Dear @kimanh.lecao - Apologies!
my data set looks like this: patients were allocated to 2 diet groups, within each of those groups, an additional treatment may be administered - thus, i have four groups (diet 1 with and without treatment, diet 2 with or without treatment). All participants were sampled for fecal microbial analysis (16S rRNA Seq) at baseline and after intervention (d0 = baseline sample, d14 = follow-up sample).
I wanted to apply multilevel PCA for clustering according to timepoints and groups.
Here is the code I used:
#transform phyloseq obj. to df for NIPALS
phylo.as.df <- data.frame(pls_phylo@sam_data)
#remove samples with too high NAs (> 25% of data entries)
remove <- colnames(phylo.as.df[colSums(is.na(phylo.as.df)) > nrow(phylo.as.df)/4])
phylo.as.df <- phylo.as.df %>%
dplyr::select(-all_of(remove))
#NIPALS
numeric.X <- phylo.as.df %>%
dplyr::select_if(is.numeric)
numeric.X <- impute.nipals(numeric.X, ncomp = 10)

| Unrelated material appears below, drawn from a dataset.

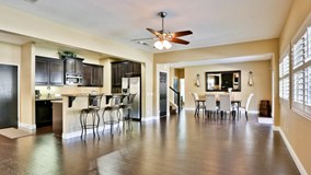This beautiful home hasn't been on the market for almost 2 years! As we know home owners are becoming more aware of the fire hazard and safety precaution so they become more concerned about how safe their house really is? Don't worry! This home comes with its very own fire sprinkler system to protect at all times even when you are miles away. As you walk in the dark laminate flooring appears Impulsive for the opening of entertainment and relaxation with luxurious plantation shutters to block out the sun from strong rays and getting the most comfort of your home with summer still in season this home gives you the option to be inside or outside. Voluminous kitchen installed with Granite countertop and your very own custom dark hardwood cabinets installed by man Promptly as you walk out the backyard It greets you with 3 over head intemperance ceiling fans and lights that are connected to the Alumuawood outside patio cover with tons of flowing cool air. When it comes to winter nights cold and lavish with your very own customized Built in gas fire pit comforting you with warmth connected with an emerging waterfall. In act of bringing you back inside it leads to the downstairs bedroom with its very own one full bath that can be used as a guest room. 4 bedrooms upstairs including the massive masters with a full bath tub and two walks in closets. It's within minutes to the Interstate 15. This home is in great condition and Greatly maintained. "SOLD AS IS
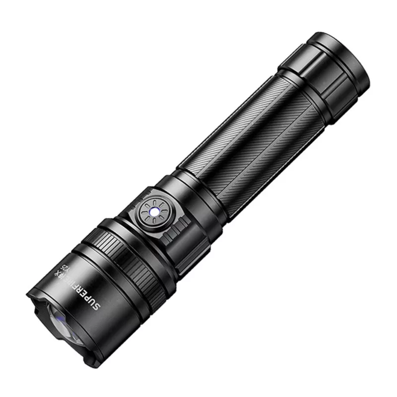 A Superfire Y25 kompakt méreteket és megbízható teljesítményt ötvöz, 10 W teljesítményt, 600 lumen fényerőt és akár 450 méteres hatótávolságot biztosít. A modern fehér lézerdióda használata lehetővé teszi egy nagy koncentrációjú, nagy áthatoló erejű fénysugár létrehozását, ami mind a terepen, mind a mindennapi használat során jó láthatóságot biztosít. Csak 90 g-os kis súlya és vékony kialakítása miatt a zseblámpa kényelmesen hordozható, és körülbelül 2,5 órás üzemideje lehetővé teszi a könnyű használatot különböző helyzetekben.

#prep df for merging with phylo df
numeric.X <- numeric.X %>%
data.frame() %>%
tibble::rownames_to_column(var = "sample_ID")
#merge with phylo df
phylo.as.df <- phylo.as.df %>%
dplyr::select(-colnames(numeric.X[,2:ncol(numeric.X)])) %>%
dplyr::left_join(numeric.X, by = join_by(sample_ID)) %>%
tibble::column_to_rownames(var = "sample_ID")
#reduce near zero variance
nzv <- mixOmics::nearZeroVar(phylo.as.df, uniqueCut = 15)
# Subset using an if function (in case column length is 0)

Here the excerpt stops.